ASSIGNED TASK:
Your task is to reproduce the listing exactly, without its images.
___ GIVEN MATERIAL ___
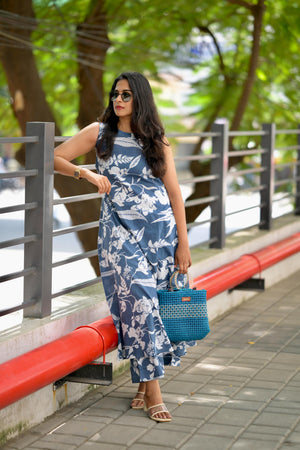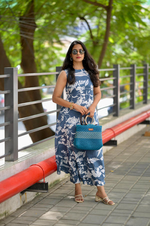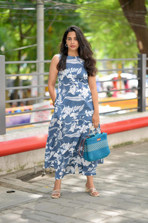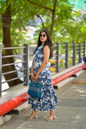 Taara - dark grey - halter neck A line cotton kurta set in dark grey
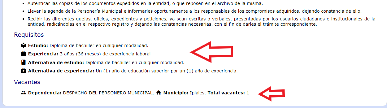 Por último, al final de la ventana, podrás consultar los requisitos de estudio y experiencia que debes cumplir para postularte al empleo que elegiste y las alternativas a esos requisitos. Además, podrás ver la dependencia y la ciudad donde se oferta la vacante.
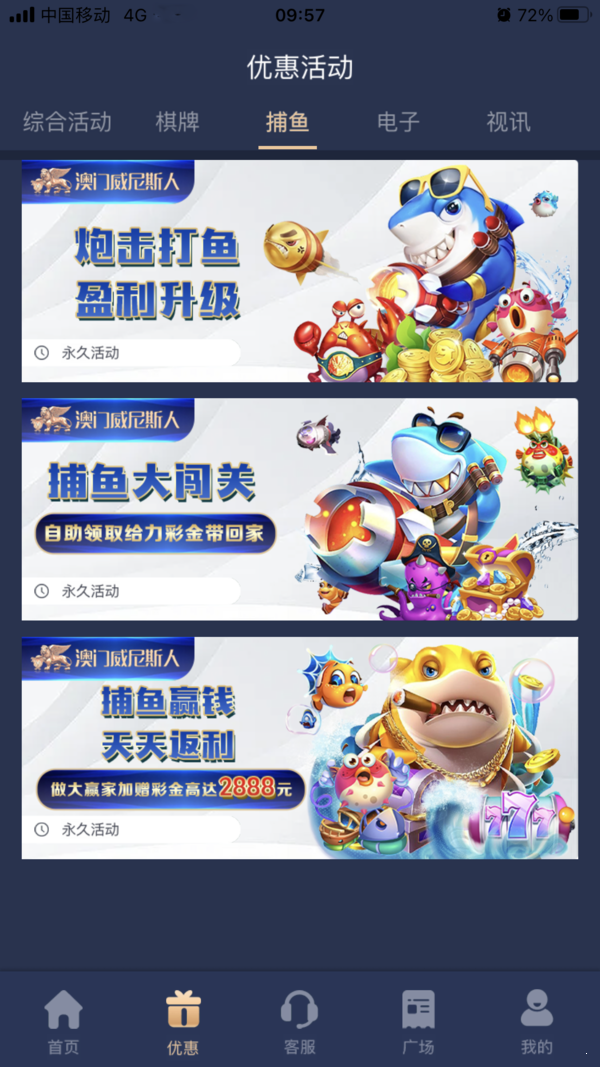 特殊捕鱼渔场场次掉花色,花色组合每日可赢实物大奖。
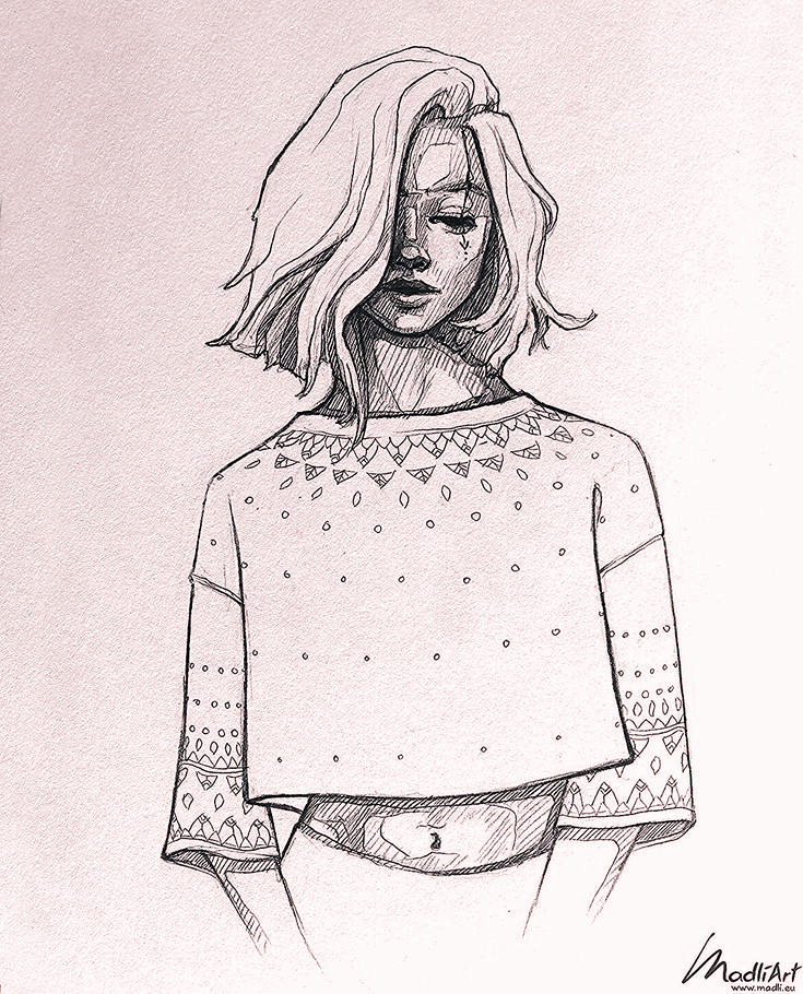 Девушка в толстовке рисунок карандашом
___
RESPONSE AREA:
 Taara - dark grey - halter neck A line cotton kurta set in dark grey
 Por último, al final de la ventana, podrás consultar los requisitos de estudio y experiencia que debes cumplir para postularte al empleo que elegiste y las alternativas a esos requisitos. Además, podrás ver la dependencia y la ciudad donde se oferta la vacante.
 特殊捕鱼渔场场次掉花色,花色组合每日可赢实物大奖。
 Девушка в толстовке рисунок карандашом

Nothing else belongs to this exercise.